In addition to occupations, Twitter users often use words indicating their status. We used the same method as for occupations, examining the most frequent words and bi-words, and identified keywords indicating a status associated with the user. We found at least one status for 31% of the users. Here are the different statuses we have identified.

Professional Status:

These keywords provide information about users' occupations but indicate a status or position rather than a sector or profession. Here are the different identified statuses: advisor, director, president, founder, enthusiast, leader, assistant, manager, student, executive, delegate, alumni, candidate, vice president, professional, specialist, independent, elected, PhD, expert, important member, secretary-general, ambassador, collaborator, administrator, coordinator, doctor, board member, deputy director, apprentice, master, technician, worker. Identifying these statuses allows us to avoid misclassification problems related to professions.

Type of Actor:

On Twitter, many accounts do not belong to individual users but to organizations. To distinguish one from the other, we identified a series of keywords characterizing the type of actor owning the account. List: association, official account, personal account, university, media, committee, federation, agency, startup, company, union, foundation, city hall, think tank. Thanks to this status, we can distinguish official and personal accounts. These types of keywords are less precise than others for determining account ownership, but we judge them reasonable to use.

Affiliation to a Group:

These statuses indicate a declaration of affiliation to a political or cultural group. The statuses do not specify which affiliation it is, only if it exists. List: Activist, member, citizen, supporter, fan, volunteer.

Degree and University:

In France, certain universities and degrees can impact identity, indicating membership in a social group. Among the most used words, we recognized some of these universities. List: Sciences Po, Sorbonne, Mines.

Code

You can get the list of statuses and keywords by calling :

tbb.get_status_kewords()

Age

The age of users is delicate because we do not have verification methods to assess our approach. However, here we are not attempting to estimate the age of all users but only that of a few users. So, we choose to rely on some keywords that allow us to associate users with a notion of youth or old age. Here are the identified keywords.

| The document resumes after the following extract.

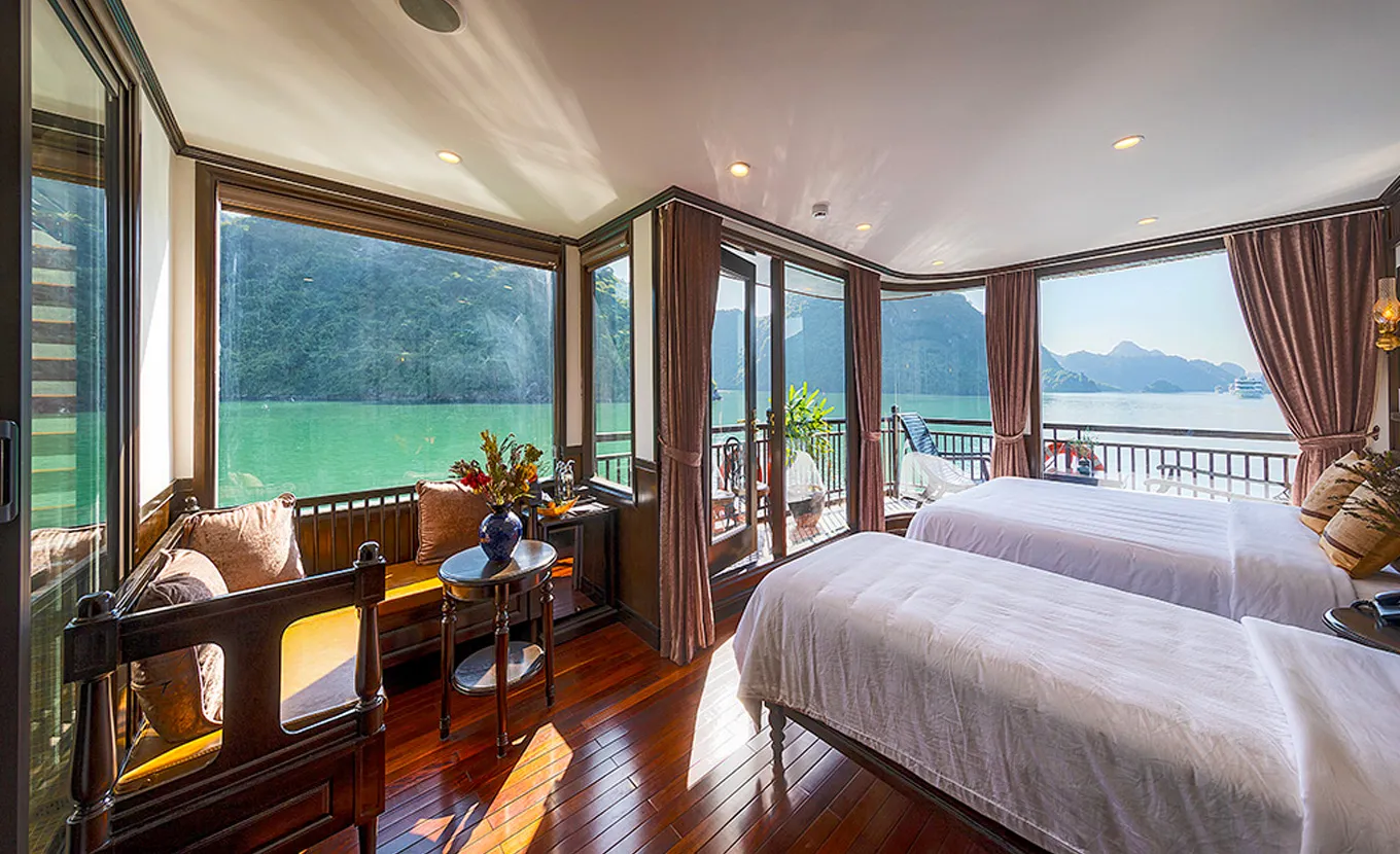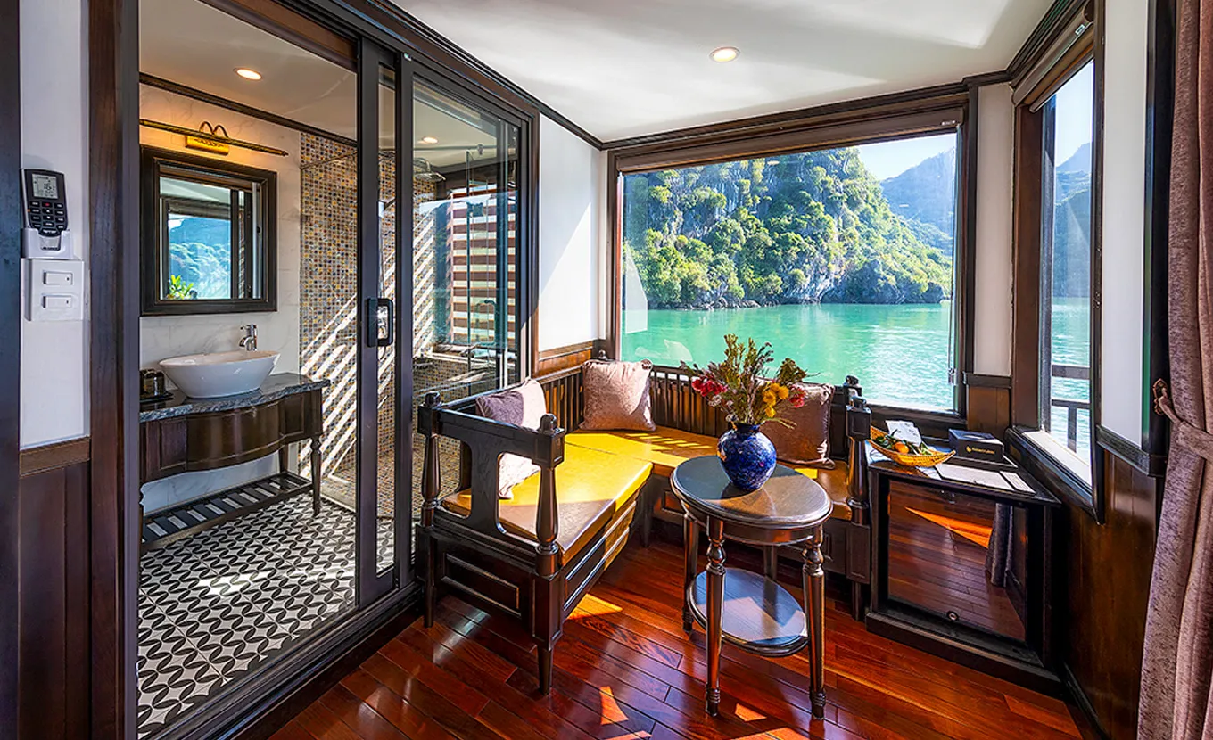10:00: Lunchtime. During the time, a well-prepared Set menu lunch is served. Sena Cruise slowly navigates emerald water and thousands of Karst Mountains towards the Harbor.

Old: retraité, retraitée, senior, vieux, ex, exjournaliste, exprésident.

Young: étudiant, student, etudiant, étudiante, etudiante, jeune, junior.

We obtain an age for 2.2% of the users.

Code

You can get the list of age keywords by calling :

tbb.get_age_kewords()

Gender

The last demographic information we try to estimate is gender. In our dataset, very few users declare their pronouns, so it is not feasible to use this technique to estimate the gender of users. However, French (the predominant language in our dataset) is a gendered language, allowing us to identify the gender of the author (e.g., "je suis infirmier" indicates a male subject, while "je suis infirmière" indicates a female subject).

We then face two problems: (1) there is no model in French that can determine with certainty whether a word is feminine and whether it refers to the subject of the sentence; (2) if we identify feminine subjects, how can we ensure that they are indeed self-declarative and refer to a person of feminine gender rather than another feminine entity (company, association, etc.). To address these issues, we have chosen to use the previously identified keywords to determine the status and occupation. Indeed, we have already taken care to determine that these keywords are self-referential, and in the case of professional keywords, we know they refer to an individual rather than an entity.

So we review the self-declarative keywords, and when possible, we note if these keywords are specifically masculine or specifically feminine. Here are some examples of identified keywords.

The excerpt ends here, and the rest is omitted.